One one hand, this was patently ridiculous - he’d known the man for years. On the other hand, it was the only possible - the only logical explanation - for why Wilbur was currently tiptoeing backwards from the brink of death whilst passed out on Quackity’s couch.
It was a situation completely outside his control. He had no answer for it, no framework to fall back on. Quackity could have never planned to be dealing with something like this, because the Wilbur he’d so often planned around would never do something like this, which meant that Quackity didn’t know Wilbur despite everything they’d gone through, which meant - well, what did it mean?
What did it mean for him, that this supposed rival of his, the first person to get any emotion out of him since Slime, was in truth a stranger? What did he have left if he didn’t even have Wilbur fucking Soot? What was Wilbur Soot to him, then and now? What was this feeling, like his heart was being ripped out of his chest, like he wanted to tear it out his damn self - why did he save Wilbur? Why did he care ?
His glass was empty. His breathing was ragged, catching on the inhale and painful on the exhale. His hands shook. He poured himself more whiskey, and poured until the glass was full, until it dripped over the sides and cooled his hands and splattered onto the desk, onto his muddy pants, onto the stainless, spotless carpet beneath.
It had been four hours and four minutes since Quackity had brought Wilbur Soot back to Las Nevadas. In that time, Quackity had drained the bottle of whiskey, and not moved from where he leaned against his desk to get more.
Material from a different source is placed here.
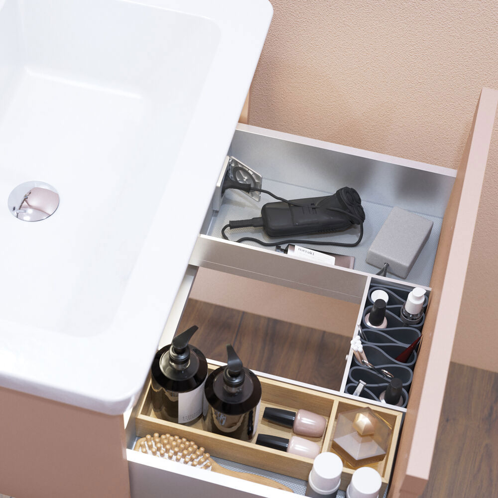 Verander uw badkamer met het wastafelonderkast met 2 lades. Dit stijlvolle kast heeft een hoogte van 48 cm en een diepte van 44 cm, perfect voor het organiseren van uw badkamerartikelen. De waterfall front geeft het kast een unieke en moderne uitstraling, die karakter aan uw ruimte toevoegt. Kies uit verschillende kleuren om de perfecte match voor uw stijl te vinden. Het kast biedt praktische opbergruimte, zodat u uw spullen eenvoudig kunt organiseren. Het wastafelonderkast met 2 lades biedt zowel functionaliteit als schoonheid, wat het een uitstekende aanvulling op uw badkamer maakt. Maak uw ruimte georganiseerder en stijlvoller met jouw fantastische wastafelonderkast. Let op: er geldt een opstarttarief (BI1) voor producten met wenskleur. Deze wordt eenmalig betaald per wenskleur, ongeacht het aantal producten. Vergeet niet de kleine praktische dingen aan je badkamermeubels toe te voegen waar je dagelijks plezier van hebt. Bijvoorbeeld verlichting in lades en kastjes, ingebouwde stopcontacten en gedimde sensorlampjes onder de meubels om nachtelijke bezoeken aan de badkamer te begeleiden. Opties worden tegelijk met je meubels bested.

He hadn’t moved to get water, either, or check Wilbur’s wound, or fucking get Foolish, or anything remotely useful. Once the whiskey had run out, he hadn’t done anything at all, just looked outside at his neat, elegant grid of lights.
And so it was at four hours and five minutes, when Wilbur announced his consciousness with a pained grunt, that Quackity turned to him - for once, with no plan at all.